Из Карлсруэ Тимур уехал к Андрею Барову в Мюнхен, куда его теперь бесконечно притягивал образ Людвига Баварского. Вернувшись, он посвятил лето трем серьезным проектам: выставке «Предвидение прошлого: Классические тенденции в современном лучевом искусстве», неоакадемической выставке в Стеделийк музее и созданию серии огромнейших панно для Мирового финансового центра в Нью-Йорке. «Предвидение прошлого», открывшееся в начале сентября 1996 года в Центре современного искусства на Якиманке, стало ответом на приглашение Мизиано. Выставку Тимур собирал вместе с Егором Островым, но название он скорее всего придумал сам, так хорошо в словосочетаниях заметны его любимые акупунктурные точки. Это и хипповская эзотерика с известным хитом 1970-х «Воспоминания о будущем», и, несомненно, Хлебников, тяготевший к славянской архаике в авангарде и придумавший своего «летчика» вместо распространенного «авиатора». «Лучевое искусство» по-хлебниковски остранило и технологии, и равно безличные классические тенденции, за которыми стали слышаться «лучники», полутороглазые стрельцы, герои одной из самых любимых книг Тимура, раскрывающие предвидения о великом прошлом европейской культуры. На этой выставке дебютировала новая ученица Тимура, а в ближайшем будущем и Георга Базелица — Юлия Страусова. На следующий год, в 1997-м, она приобрела европейскую известность, показав в Берлине свой скульптурно-лучевой проект о знаменитых диджеях «Двенадцать цезарей техноимперии».
* * *
В конце 1996 года в Русском музее осуществлялся мегапроект «Отдел новейших течений: Первые пять лет». Тимур был совершенно счастлив. Наконец-то экспозиция начиналась «Новыми художниками» и продолжалась новоакадемистами. Я занималась сочинением множества аннотаций и развеской в двух залах — неоакадемическом и концептуальной фотографии. Тимур зашел на монтаж и посетовал, что вот невозможно успеть все, пора уезжать в Нью-Йорк, а так хотелось быть на открытии в Бенуа. Однако Нью-Йорк был важнее: туда везли все самое прекрасное, что было в нашем городе из театров и музеев, а Тимур оформлял своими панно основное пространство выставки в Мировом финансовом центре. При работе в интерьере гигантского билдинга ему особенно пригодился опыт с растяжкой на фасаде Этнографического музея.
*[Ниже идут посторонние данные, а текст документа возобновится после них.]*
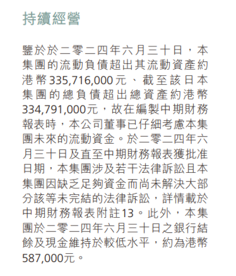 今年9月底,萬威電子母公司萬威集團發布中期業績報告,數據顯示,今年前6個月,萬威集團總營收5108.4萬港幣,毛利1743.6萬港幣。截至今年6月30日,集團總負債超出總資產約3.35億港幣,銀行結賬及現金約為58.7萬港幣。集團財務問題可以說是相當嚴重。

Перед отъездом Тимур заболел, но это обстоятельство его не остановило. Ветренная зима в Нью-Йорке оказалась для него роковой: простуда обернулась менингитом. В конце января 1997 года он вернулся и был уже так плох, что впервые за все годы нашего общения собрался в больницу. Февраль и март прошли в томительном ожидании. В марте Тимур наконец позвонил из больницы. Он сказал, что чувствует себя уже лучше, вот только не видит ничего, однако надеется, что зрение вернется, так как ему многие, и в том числе Айдан, рассказывали, что после менингита бывают такие осложнения. Целый месяц пролетел, а улучшение не наступало. Один Хлобыстин сохранил присутствие духа и бодро обсудил с Тимуром сюжет «Слепые ведут слепых».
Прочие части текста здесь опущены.